The answer is that you probably didn’t lose money, you are only looking at half of your total return equation. What you see on the gain/loss page is a calculation of the change in price. It is your appreciation in value, or the number you would put on your tax return as a capital gain (or loss). This is not your total return. You have also received income from that fund over the past five years. Income is reported on a 1099 to you every year and you report it with interest and dividends on your tax return. To calculate your total return in a fund, you have to add appreciation and income.
Price Appreciation + Income = Total Return
Why don’t you get any appreciation in the fund? For an investment like a bond fund, your expectation should be that most or all of the return will come in the form of income and not increase in price, just like on a bond. Below is an example of how it works.
- ABC is priced at $100 at the beginning of the month
- During the month, ABC accumulates $1 of income (per share)
- The price of ABC increases as income accumulates to $101 at the end of the month
- ABC pays you $1 cash at the end of the month
- After the income is paid out, the price of ABC goes back to $100
$0 Appreciation + $1 Income = $1 Total Return
What if you are automatically reinvesting income, shouldn’t you see appreciation then? Yes and no…here is what happens when you reinvest.
- You receive $1 of income
- Your broker automatically buys $1 of ABC at the post-payout price of $100
- You now own 1.01 shares of ABC at $100 per share → $101 value
Your total value in the fund has gone up from $100 to $101. If you were to compare what you originally invested in the fund to the value in the fund today, you can easily see your total return. But since you bought all shares (including the fractional share) for $100 per share, your cost basis is still $100, and your gain/loss is still zero. You will still receive a 1099 reporting $1 income to you at the end of the year. The formula is still $0 appreciation + $1 income = $1 Total Return.

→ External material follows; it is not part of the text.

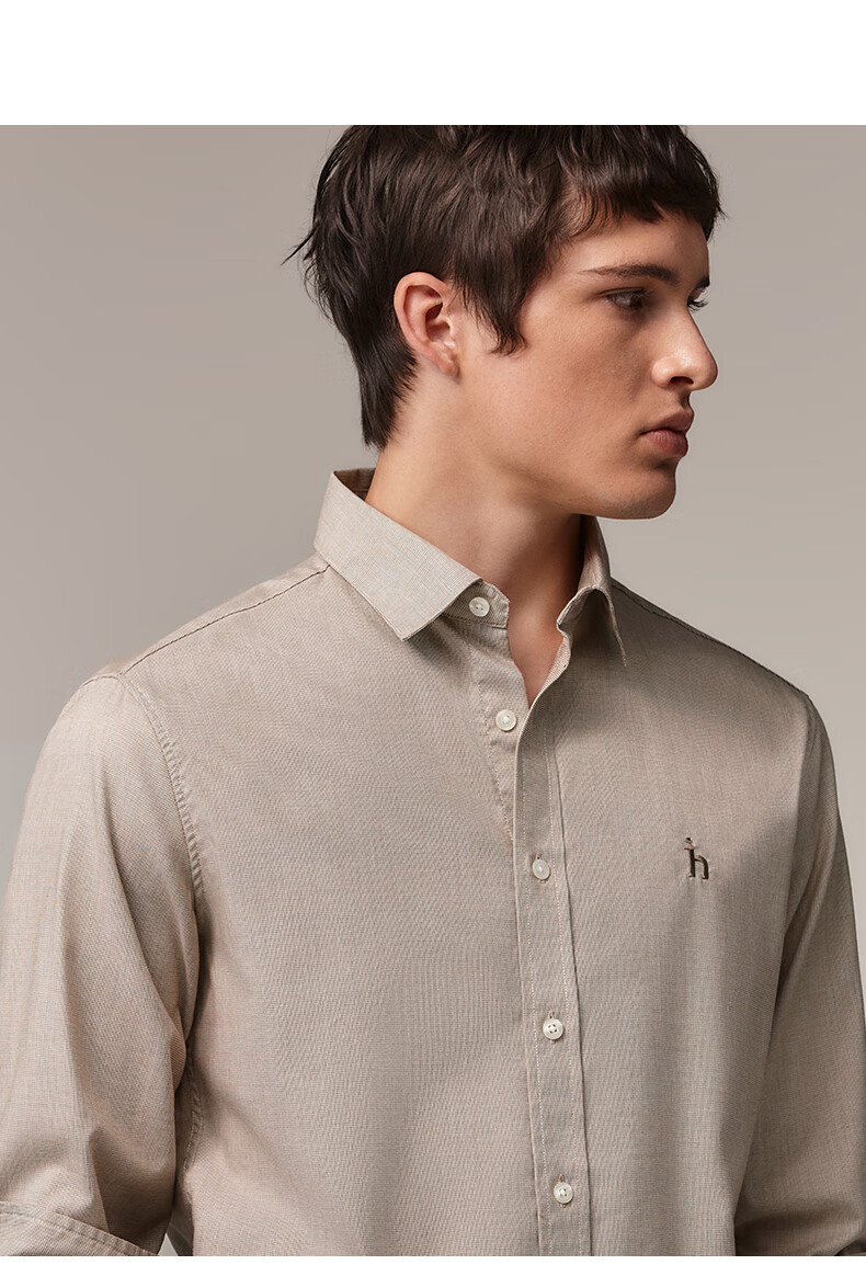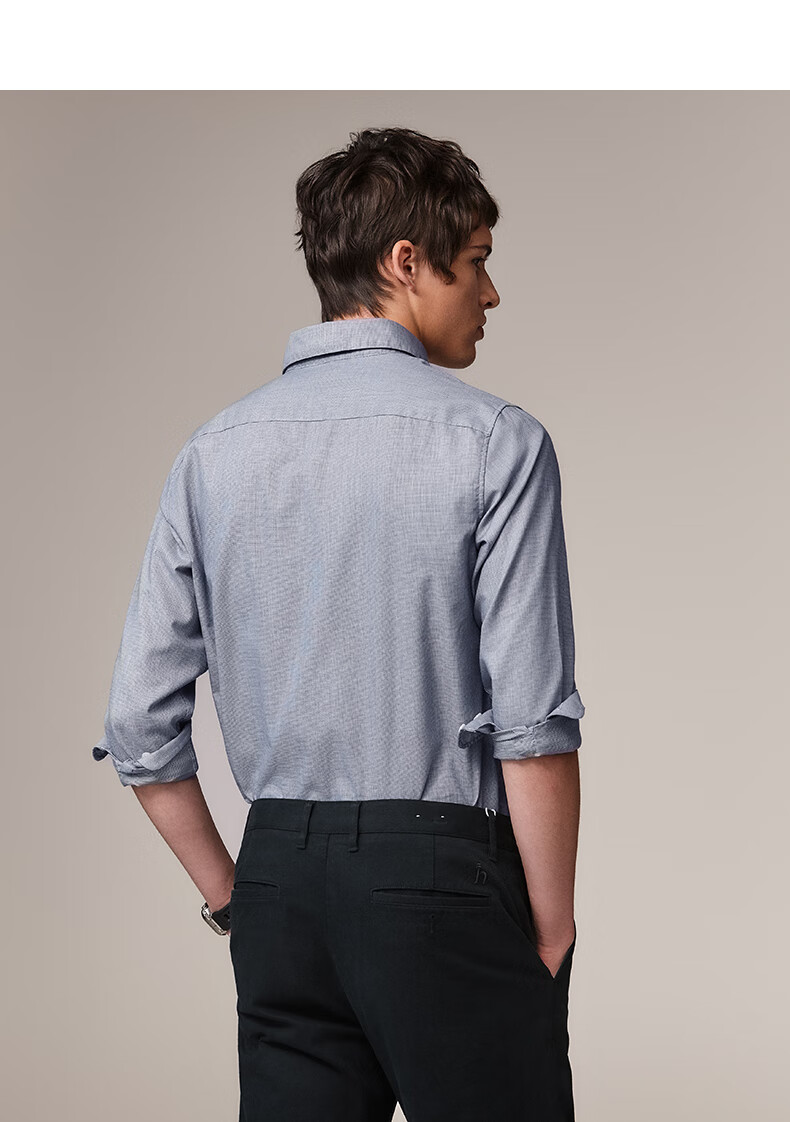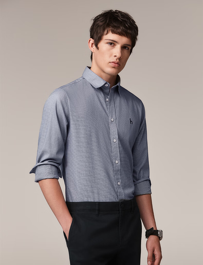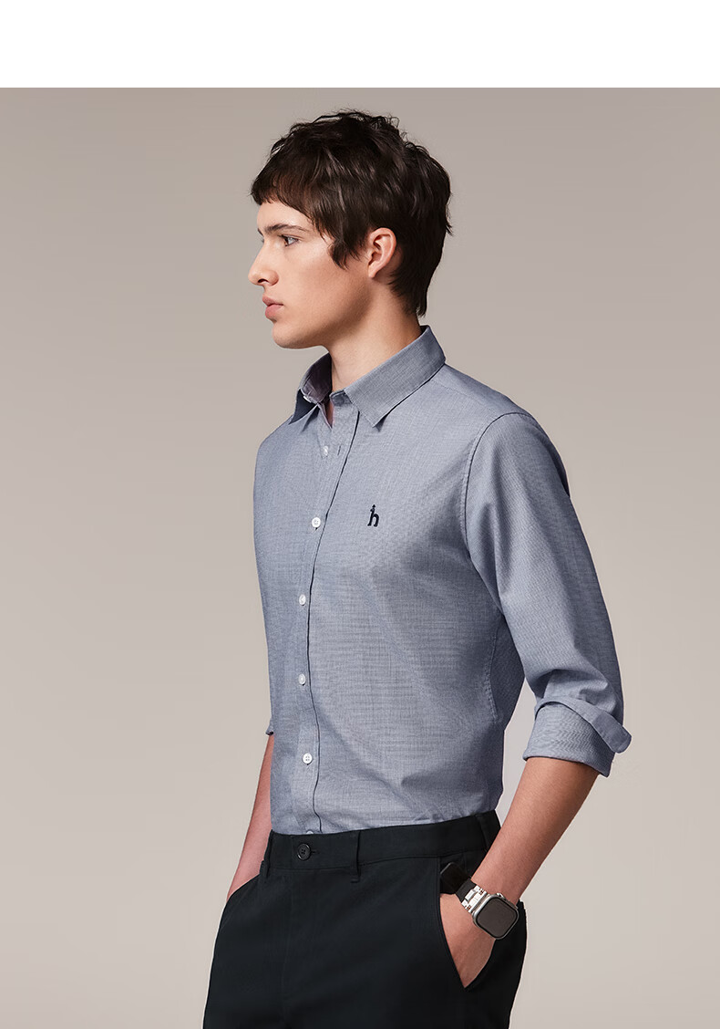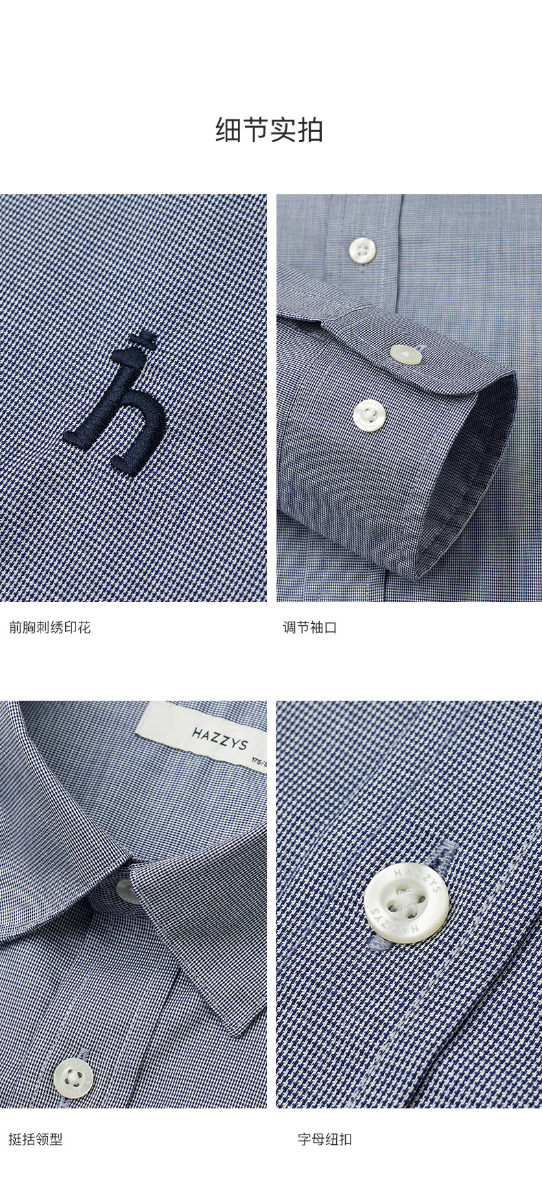 哈吉斯(HAZZYS)男装 秋款商务通勤衬衣小千鸟格长袖衬衫男ASCZK1BCK03 藏青色NV L (175/96A 48)

Where do you find the total return for a fund? Now that you know the difference in terminology, look for the words ‘total return’, ‘annualized return’, or just ‘return’ and stay away from price charts, historical price spreadsheets, and gain/loss. A price chart only shows change appreciation and not total return. Also don’t use the “SEC yield” of a fund. That is a rate of income that you could receive in the future, it is not a historic return. For your specific personal return in a fund, you advisor will provide this information on your quarterly reports or by request between quarters.